CEO Moses said he’s
leaving St. Luke’s hospital
By TRAVIS
PURSER
Express Staff Writer
Jon Moses,
the CEO who oversaw the construction of St. Luke’s Wood River Medical
Center and the transformation of the hospital from a county-run to a
privately run facility, said Monday that his employment with St. Luke’s
has ended.
"Yes,
that is the case," he said.
Moses,
executives from St. Luke’s Regional Medical Center in Boise and the
community board, which oversees the Wood River Valley branch of St. Luke’s,
met Monday to negotiate a possible new deal between Moses and the
hospital, said Kerry George, manager of public relations for St. Luke’s
Wood River Medical Center.
A meeting
of the same people also occurred on Thursday, she said, the same day that
the St. Luke’s branch in Boise notified St. Luke’s Wood River
employees that Moses could be leaving.
"We’re
doing everything we can to talk to Jon, and if it’s decided that (his
employment) will end, we’ll make it as smooth as possible for
everyone," George said.
Moses was
not available to receive telephone calls at the hospital on Friday and
Monday. Theresa Bush, director of nursing, and six other department
directors, were filling in for Moses until he either returned or a
permanent replacement was found, George said. However, a search for a
replacement had not yet begun.
Neither
Moses nor George would reveal why he might be leaving his job as CEO.
George said
that Moses had not been fired and that Moses’ leaving was not related to
the hospital’s financial loss of $1.5 million on a budget of $22 million
last year.
Moses said
that he might be able to discuss the status of his employment further when
the negotiations end, possibly sometime this week.
It would be
unwise to "jump to any conclusions" before then, said Wood River
community board chairman Preston Strazza.
The Wood
River Medical Center board of trustees, which oversaw the hospital when it
was county-owned, approved St. Luke’s hiring of Moses in the winter of
1997-1998. Former County Commissioner Len Harlig, who was a board member
then, said Moses was hired with the transition to St. Luke’s and the
construction of a new hospital in mind.
The
Boise-based St. Luke’s began planning the 32-bed facility in 1996, when
county residents voted to replace the aging, publicly run Wood River
Medical Center.
Philanthropists
contributed more than $18 million for the construction of and transition
to the new 110,000-square-foot building, which opened two miles south of
Ketchum on Nov. 19, 2000.
But the
project was controversial.
Moses, and
St. Luke’s, encountered criticism from, among others, Blaine County
Citizens for Smart Growth, a land-use advocacy group that accused hospital
planners of arrogantly disregarding the county’s zoning rules.
Physicians
decried St. Luke’s ousting of staff and services that resulted in the
loss of Dr. Alice Police, a specialist in breast care and one of the
valley’s three general surgeons. Several other physicians and numerous
staff either left the hospital or were not offered new contracts during
the transition.
Moses was
at the center of another controversy in May 2000 when the Blaine County
Planning and Zoning Commission denied St. Luke’s application to build a
38,000-square-foot medical office building next to the hospital. Moses
said the hospital would not be financially viable without the building.

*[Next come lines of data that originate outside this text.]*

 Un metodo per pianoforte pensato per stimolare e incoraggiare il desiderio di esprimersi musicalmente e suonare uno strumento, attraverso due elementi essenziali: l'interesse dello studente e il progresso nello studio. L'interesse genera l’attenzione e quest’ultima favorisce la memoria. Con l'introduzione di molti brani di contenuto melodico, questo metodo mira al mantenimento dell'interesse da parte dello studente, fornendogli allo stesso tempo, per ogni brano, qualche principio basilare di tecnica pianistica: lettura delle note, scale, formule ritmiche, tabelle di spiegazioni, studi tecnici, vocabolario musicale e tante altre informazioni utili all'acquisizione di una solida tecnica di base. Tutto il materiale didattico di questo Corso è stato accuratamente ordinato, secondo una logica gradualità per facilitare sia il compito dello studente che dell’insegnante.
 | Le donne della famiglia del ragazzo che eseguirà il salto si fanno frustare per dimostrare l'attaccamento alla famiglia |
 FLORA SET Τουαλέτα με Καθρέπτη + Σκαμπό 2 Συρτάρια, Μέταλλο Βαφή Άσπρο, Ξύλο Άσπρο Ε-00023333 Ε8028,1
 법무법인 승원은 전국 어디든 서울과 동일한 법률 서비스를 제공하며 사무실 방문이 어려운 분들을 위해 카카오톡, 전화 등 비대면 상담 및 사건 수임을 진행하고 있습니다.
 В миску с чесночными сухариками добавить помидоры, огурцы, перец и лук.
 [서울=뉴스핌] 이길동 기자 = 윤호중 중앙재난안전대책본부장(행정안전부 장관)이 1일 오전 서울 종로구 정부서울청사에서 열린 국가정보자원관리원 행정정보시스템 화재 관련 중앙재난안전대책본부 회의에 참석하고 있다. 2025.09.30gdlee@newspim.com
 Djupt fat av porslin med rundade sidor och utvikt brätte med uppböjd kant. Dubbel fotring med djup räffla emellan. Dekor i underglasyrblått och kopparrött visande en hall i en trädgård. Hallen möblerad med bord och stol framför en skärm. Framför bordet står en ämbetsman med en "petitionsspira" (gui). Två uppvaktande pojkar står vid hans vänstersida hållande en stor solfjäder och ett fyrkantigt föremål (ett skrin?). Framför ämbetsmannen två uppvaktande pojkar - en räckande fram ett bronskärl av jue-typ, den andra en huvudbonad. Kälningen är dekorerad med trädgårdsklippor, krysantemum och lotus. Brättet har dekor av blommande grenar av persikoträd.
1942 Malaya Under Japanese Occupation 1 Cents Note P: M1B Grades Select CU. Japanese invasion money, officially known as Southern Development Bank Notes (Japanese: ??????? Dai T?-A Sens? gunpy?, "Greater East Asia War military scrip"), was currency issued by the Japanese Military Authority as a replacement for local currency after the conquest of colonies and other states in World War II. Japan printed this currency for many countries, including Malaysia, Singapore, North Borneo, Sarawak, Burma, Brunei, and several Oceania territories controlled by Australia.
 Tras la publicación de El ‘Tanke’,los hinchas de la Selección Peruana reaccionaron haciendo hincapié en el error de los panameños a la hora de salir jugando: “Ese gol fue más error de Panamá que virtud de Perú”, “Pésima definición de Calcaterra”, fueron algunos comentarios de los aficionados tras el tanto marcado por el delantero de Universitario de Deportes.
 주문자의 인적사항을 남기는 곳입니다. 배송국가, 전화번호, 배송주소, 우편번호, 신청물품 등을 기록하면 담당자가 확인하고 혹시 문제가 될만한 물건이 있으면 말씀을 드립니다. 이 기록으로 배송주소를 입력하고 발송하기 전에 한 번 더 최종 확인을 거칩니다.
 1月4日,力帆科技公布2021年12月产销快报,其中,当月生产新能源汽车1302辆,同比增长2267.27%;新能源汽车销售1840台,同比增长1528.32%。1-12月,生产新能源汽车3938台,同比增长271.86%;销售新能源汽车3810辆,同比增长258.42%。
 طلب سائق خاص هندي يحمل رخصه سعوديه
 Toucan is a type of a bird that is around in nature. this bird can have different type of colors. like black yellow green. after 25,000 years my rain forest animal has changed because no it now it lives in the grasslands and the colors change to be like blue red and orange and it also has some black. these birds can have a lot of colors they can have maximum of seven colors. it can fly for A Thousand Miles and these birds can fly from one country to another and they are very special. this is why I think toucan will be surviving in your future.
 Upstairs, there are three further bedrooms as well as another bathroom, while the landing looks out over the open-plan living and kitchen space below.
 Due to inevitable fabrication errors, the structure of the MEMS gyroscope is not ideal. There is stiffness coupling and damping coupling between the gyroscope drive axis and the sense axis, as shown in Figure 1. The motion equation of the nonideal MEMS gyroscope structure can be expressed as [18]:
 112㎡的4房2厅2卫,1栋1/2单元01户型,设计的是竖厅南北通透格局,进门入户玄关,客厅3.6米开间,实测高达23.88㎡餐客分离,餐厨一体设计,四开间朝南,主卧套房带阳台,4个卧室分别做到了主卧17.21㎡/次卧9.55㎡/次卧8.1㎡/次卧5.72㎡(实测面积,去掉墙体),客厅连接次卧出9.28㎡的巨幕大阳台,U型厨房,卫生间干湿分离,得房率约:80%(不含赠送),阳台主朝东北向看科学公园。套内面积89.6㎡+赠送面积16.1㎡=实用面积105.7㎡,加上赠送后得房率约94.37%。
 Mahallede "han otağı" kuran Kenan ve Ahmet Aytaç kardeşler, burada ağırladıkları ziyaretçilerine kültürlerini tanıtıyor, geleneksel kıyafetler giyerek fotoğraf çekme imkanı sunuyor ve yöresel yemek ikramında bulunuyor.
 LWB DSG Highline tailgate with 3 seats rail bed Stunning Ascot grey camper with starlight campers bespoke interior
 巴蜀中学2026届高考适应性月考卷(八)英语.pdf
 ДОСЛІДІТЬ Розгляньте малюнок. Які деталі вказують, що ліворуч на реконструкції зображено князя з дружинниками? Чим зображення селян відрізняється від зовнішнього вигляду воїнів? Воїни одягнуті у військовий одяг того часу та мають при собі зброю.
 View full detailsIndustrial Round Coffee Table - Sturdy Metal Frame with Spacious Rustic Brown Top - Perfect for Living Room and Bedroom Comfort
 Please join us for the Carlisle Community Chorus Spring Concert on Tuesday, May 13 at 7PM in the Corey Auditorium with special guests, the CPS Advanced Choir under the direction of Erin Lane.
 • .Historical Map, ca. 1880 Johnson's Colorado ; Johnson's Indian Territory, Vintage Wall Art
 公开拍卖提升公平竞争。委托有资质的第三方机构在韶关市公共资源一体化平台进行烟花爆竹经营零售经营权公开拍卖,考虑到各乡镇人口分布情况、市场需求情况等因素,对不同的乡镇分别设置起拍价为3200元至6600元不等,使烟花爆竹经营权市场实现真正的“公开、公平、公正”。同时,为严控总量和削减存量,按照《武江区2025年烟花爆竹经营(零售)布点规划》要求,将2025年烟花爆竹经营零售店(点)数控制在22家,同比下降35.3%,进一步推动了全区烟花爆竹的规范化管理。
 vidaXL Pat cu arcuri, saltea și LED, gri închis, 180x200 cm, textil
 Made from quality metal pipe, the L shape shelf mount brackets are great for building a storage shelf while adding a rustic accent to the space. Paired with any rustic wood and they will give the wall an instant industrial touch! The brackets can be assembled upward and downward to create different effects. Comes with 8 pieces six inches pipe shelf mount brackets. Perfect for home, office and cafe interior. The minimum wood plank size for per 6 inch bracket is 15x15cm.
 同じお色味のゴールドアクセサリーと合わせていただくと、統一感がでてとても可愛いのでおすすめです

The county approved a revised application in the fall of 2001, and
construction began soon after that.
In part
because of the new building, Moses said in November that he expected
hospital revenues to exceed losses by about $900,000 this year.
As at any
hospital, new needs and challenges constantly arise, he said in November,
reflecting on the hospital’s first year, but "I think the future of
this hospital is very bright."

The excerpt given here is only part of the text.